DATE: SUNDAY, March 6, 1994                   TAG: 9403060013
SECTION: SPORTS                    PAGE: C-9   EDITION: METRO 
SOURCE: MIKE NADEL ASSOCIATED PRESS
DATELINE:                                 LENGTH: Long


MORE GREATNESS TO COME

WAYNE GRETZKY doesn't look all that special, but when he hits the ice he puts up some awesome numbers. And when he adds three more goals, he will have the most-awesome number of them all.

Wayne Gretzky, perhaps the most accomplished athlete in the history of team sports, is ready to remind the world that he's still The Great One.

Soon, he will own his 61st NHL record, and it might be the greatest of them all.

Always a playmaker - he's the league's career assists and points leader by a wide margin - Gretzky is about to catch and pass Gordie Howe to become the all-time goal scorer.

That the last major record Gretzky doesn't already have is held by his boyhood hero makes it even more prominent for Gretzky.

"It's really exciting and a lot of fun, yet I'd be lying if I said I wasn't anxious," he said. "Gordie was such a great player and is such a good man. His record is special."

The record will be more special when Gretzky owns it.

Howe scored 801 goals in 1,767 games over 26 seasons. He was 52 when he retired.

Gretzky, who led the Edmonton Oilers to four Stanley Cups in the 1980s and now plays for the Los Angeles Kings, goes into this afternoon's game against the Blackhawks at Chicago with 798 goals in 1,109 games over 15 seasons. He turned 33 in January.

Gretzky is scoring goals 63 percent faster than Howe did. At this pace, if he matches Howe's 1,767 games, Gretzky would finish his career with 1,271 goals.

And he's far from being done.

Hank Aaron, who holds the major-league home-run record of 755; Walter Payton, the NFL's all-time rushing leader with 16,726 yards; and Kareem Abdul-Jabbar, the NBA's all-time scoring leader with 38,387 points were nearing retirement when they became the pacesetters of their sports.

Gretzky, who was 28 when he broke Howe's career point record with 1,850, remains great.

If he holds off Detroit's Sergei Federov for the rest of the season, Gretzky will capture his 11th NHL scoring title. Already in 1993-94, Gretzky has more points than the 103 Howe scored in his best year.

During Howe's era, NHL teams played fewer games each season, scored fewer goals and met tougher pre-expansion opposition. But those facts can't diminish Gretzky's achievements, because he has dominated his era more than any athlete since Chamberlain towered over NBA opponents in the 1960s.

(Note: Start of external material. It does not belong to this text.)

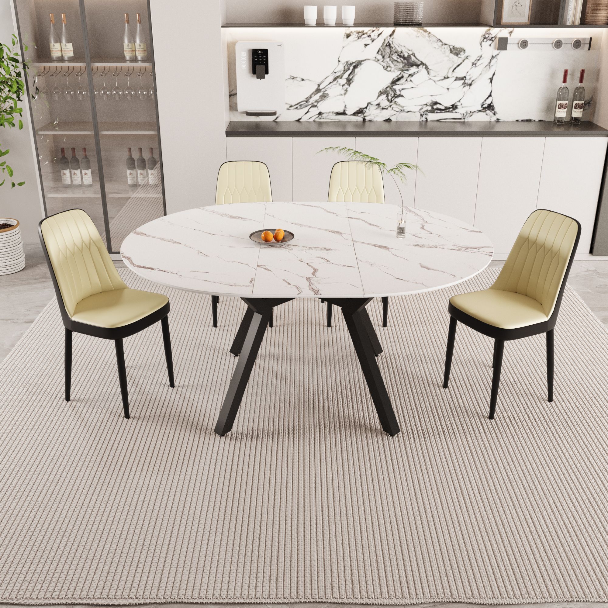 2.2.Comfortable dining table for 4-6 people: Made of comfortable medium density fiberboard material, its beauty lies in its texture and glossy charm. Simple and elegant, with a smooth surface like jade. The natural texture of the desktop complements the minimalist black metal legs, and the legs equipped with anti slip pads not only greatly enhance support, but also highlight the beauty of the simple structure, meeting people's needs for comfort and minimalist living.

For example, Gretzky's record 92 goals in 1981-82 were 28 more than the second-ranked player that season. His record 215 points in 1985-86 were 74 more than the runner-up. In a league that has produced only 39 players with 1,000 career points, Gretzky is closing in on 2,500.

Same pucks, same rinks, same rules, same league, same demographics.

Very different hockey player.

"He scored 85 more points one year than the next guy," Howe once said. "I scored 85 one year and set a record."

In recent years, the Pittsburgh Penguins' Mario Lemieux has challenged Gretzky's status as the game's best player. Lemieux has been the NHL's top scorer in four of the past six seasons - the only times Gretzky hasn't been No. 1 since arriving as an 18-year-old in 1979.

Lemieux never has scored 200 points, a figure Gretzky surpassed four times. Lemieux has a career-high of 85 goals, third behind Gretzky's 92 of 1981-82 and 87 of two seasons later. And Lemieux has been set back by injuries and illness.

Gretzky is durable, too. The back injury that forced him to miss about half of last season was the only major health problem of his career.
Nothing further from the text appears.